Contemporary Change Flashcards
Change processes
S-curve model
P.I.D.C
Wave model
Overlapping change features
S-curve model
Words begins to be used by a few people (gradual)
More people use it (speeds up)
Becomes popular and codified
Change slows again
(Some people refuse to use it or too far away to use it so not 100%)
P.I.D.C
P= Potential to change (need to change from internal pressures e.g. inventions) I= Implementation (used in small groups) D= Diffusion (change spreads through the population. Some people refuse change) C= Codification (change is fully accepted and made official e.g. dictionaries)
Baileys wave model
Social and geographical situations alter how quick pick up change
Closer we are to the point of change the more likely you are to pick it up
Like ripples, the further away you are the less likely you are to use it
Change gradually moves across the country socially and geographically and slowly dies out
Aitchison Overlapping change features
Old and new forms coexist until old forms are lost
Two meanings of gay coexisted until the meaning of happy is now lost
Change theories
Functional theory
Substratum theory
Sapir-whorf hypothesis
Random fluctuation theory
Functional theory - Halliday
Language changes according to the needs & uses for social and functional reasons - e.g. technology
Words drop out of usage e.g. tuppence, cassette
Some words that drop out can be recycled if they’re needed for a new function
Substratum theory - William labor
Lower levels in society change languages or words
E.g. Eastern European Jews (Yiddish) influenced NY accent door said with 2 syllables
Invasions of Britain included new words
Sapir-whorf hypothesis
Language changes our thoughts - determinism of how we see the world (strong version)
Language influences our thoughts but doesn’t control it (weak version)
Language reflects our thoughts (reflectionism)

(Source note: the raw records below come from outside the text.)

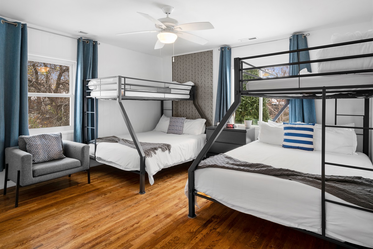 The space includes 3 king, 7 queen, and 2 twin sized beds to comfortably sleep up to 22 guests.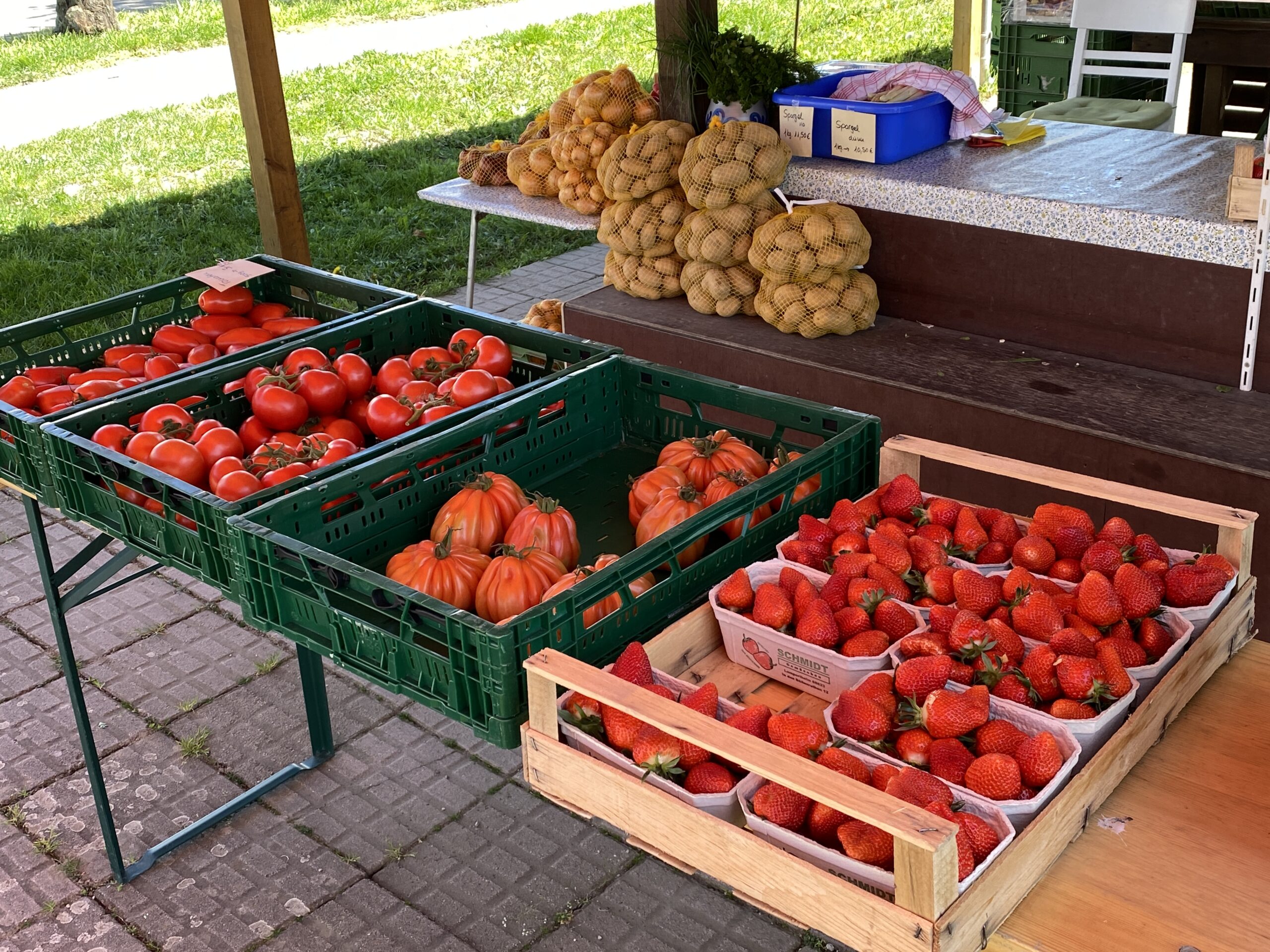 Von April bis November betreibt der Valentinhof aus Bürstadt einen Verkaufsstand in der Heidelberger Strasse 71, Bensheim neben der Sparkasse.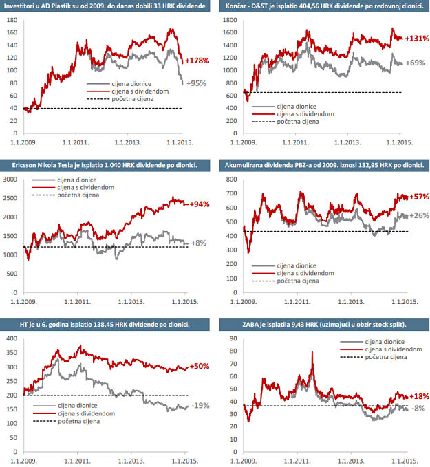 Na grafovima su prikazane po dvije linije pri čemu obje prikazuju vrijednosti od početka 2009. do danas. Prva se odnosi samo na cijenu dionica, dok druga prikazuje cijenu na koju je pribrojena dividenda. Pri izračunu nije uzeta u obzir mogućnost reinvestiranja dividende.

Random fluctuation theory - Charles hockett
Random errors create changes - it’s unpredictable
Cultural transmission - conventions are learned by interacting with more experienced users
Some aspects are innate but mainly come from native speakers
Result of ever changing language contexts
Language change attitudes
Prescriptivism -damp spoon syndrome -crumbling castle -infectious disease Descriptivism
Descriptivism
Describe how the language is used
Seeks to understand, explain and describe all forms of language and not judge them e.g. accepting slang
Accept change and think it’s evolutionary, inevitable, unstoppable
Prescriptivism
Prescribe how the language should be used
Want to maintain a standard form
Linguistic gatekeeping - control what change is allowed
Try to restrict / prevent language change - detrimental
Crumbling castle - jean aitchison
We need to preserve the language at a time when it was perfect
The language is decaying
Being grammatically incorrect and Inkhorn terms = decay
Argument against - no time when the language was perfect
Infectious disease - jean aitchison
We catch change from people we interact with
Slang, Americanism
Argument against - changes are caught and people pick up changes because they want to
Damp spoon syndrome - jean aitchison
Language changes because we become lazy and don’t use it properly
Contractions in writings e.g. it’s rather than it is
Argument against - the only lazy speech is drunken speech
Talking fast uses more muscles and glottal stops than pronouncing “t’s” properly
Semantic change (10)
Change in meanings
Broadening (word widens it’s meaning e.g. Google)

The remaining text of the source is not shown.